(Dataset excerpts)
____________________

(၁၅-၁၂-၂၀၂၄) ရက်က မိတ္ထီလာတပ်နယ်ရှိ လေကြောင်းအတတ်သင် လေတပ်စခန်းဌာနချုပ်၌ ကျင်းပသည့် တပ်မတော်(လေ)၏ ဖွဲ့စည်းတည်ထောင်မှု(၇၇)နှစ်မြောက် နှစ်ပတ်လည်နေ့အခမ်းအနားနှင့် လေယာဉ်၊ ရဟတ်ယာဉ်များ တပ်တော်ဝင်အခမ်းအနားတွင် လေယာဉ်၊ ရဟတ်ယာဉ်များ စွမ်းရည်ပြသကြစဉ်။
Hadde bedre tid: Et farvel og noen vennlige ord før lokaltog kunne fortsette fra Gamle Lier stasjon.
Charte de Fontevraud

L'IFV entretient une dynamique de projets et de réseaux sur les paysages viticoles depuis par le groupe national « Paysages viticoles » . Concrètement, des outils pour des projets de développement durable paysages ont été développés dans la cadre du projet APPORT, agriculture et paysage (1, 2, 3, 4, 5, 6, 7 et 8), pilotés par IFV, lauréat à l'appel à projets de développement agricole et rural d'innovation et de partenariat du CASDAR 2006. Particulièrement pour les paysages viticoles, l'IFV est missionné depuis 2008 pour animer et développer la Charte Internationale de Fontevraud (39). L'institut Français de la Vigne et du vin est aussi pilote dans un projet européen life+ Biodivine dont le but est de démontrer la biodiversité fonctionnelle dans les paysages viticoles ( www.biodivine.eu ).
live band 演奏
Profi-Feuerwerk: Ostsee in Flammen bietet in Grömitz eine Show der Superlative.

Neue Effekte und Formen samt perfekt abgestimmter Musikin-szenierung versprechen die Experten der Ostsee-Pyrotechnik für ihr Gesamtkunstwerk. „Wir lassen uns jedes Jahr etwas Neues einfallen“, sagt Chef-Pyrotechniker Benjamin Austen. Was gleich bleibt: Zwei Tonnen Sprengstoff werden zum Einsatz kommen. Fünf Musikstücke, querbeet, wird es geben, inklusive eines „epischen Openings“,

____________________

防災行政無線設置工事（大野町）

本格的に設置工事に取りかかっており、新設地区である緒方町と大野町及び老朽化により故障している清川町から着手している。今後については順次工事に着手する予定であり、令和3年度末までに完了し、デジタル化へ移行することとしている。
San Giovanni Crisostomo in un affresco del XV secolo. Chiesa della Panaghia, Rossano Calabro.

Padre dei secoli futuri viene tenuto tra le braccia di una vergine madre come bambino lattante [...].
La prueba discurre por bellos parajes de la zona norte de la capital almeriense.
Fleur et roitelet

____________________

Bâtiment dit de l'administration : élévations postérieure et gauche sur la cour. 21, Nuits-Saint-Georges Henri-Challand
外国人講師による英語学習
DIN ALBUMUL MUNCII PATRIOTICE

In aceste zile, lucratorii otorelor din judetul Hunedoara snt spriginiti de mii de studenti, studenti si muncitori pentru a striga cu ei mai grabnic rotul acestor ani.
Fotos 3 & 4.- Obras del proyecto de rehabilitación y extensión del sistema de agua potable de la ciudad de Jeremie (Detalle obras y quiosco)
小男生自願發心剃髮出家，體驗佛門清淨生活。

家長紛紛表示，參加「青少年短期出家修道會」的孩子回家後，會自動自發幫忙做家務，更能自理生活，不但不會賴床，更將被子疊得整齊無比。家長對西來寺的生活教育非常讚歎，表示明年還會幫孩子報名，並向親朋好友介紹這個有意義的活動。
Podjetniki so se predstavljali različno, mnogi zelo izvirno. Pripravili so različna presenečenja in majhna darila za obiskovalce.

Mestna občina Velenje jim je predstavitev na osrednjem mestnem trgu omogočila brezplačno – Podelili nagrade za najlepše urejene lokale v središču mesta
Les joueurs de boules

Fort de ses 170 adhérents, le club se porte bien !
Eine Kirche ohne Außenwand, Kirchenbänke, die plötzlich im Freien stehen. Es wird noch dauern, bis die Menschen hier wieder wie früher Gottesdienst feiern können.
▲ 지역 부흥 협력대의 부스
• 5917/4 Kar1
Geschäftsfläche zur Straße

____________________

#### [Exercise objective]
Using the entries above, give back exactly the line containing "(၁၅-၁၂-၂၀၂၄) ရက်က မိတ္ထီလာတပ်နယ်ရှိ", the line containing "Charte de Fontevraud", and every line between them, and nothing else.

#### [Your solution]
(၁၅-၁၂-၂၀၂၄) ရက်က မိတ္ထီလာတပ်နယ်ရှိ လေကြောင်းအတတ်သင် လေတပ်စခန်းဌာနချုပ်၌ ကျင်းပသည့် တပ်မတော်(လေ)၏ ဖွဲ့စည်းတည်ထောင်မှု(၇၇)နှစ်မြောက် နှစ်ပတ်လည်နေ့အခမ်းအနားနှင့် လေယာဉ်၊ ရဟတ်ယာဉ်များ တပ်တော်ဝင်အခမ်းအနားတွင် လေယာဉ်၊ ရဟတ်ယာဉ်များ စွမ်းရည်ပြသကြစဉ်။
Hadde bedre tid: Et farvel og noen vennlige ord før lokaltog kunne fortsette fra Gamle Lier stasjon.
Charte de Fontevraud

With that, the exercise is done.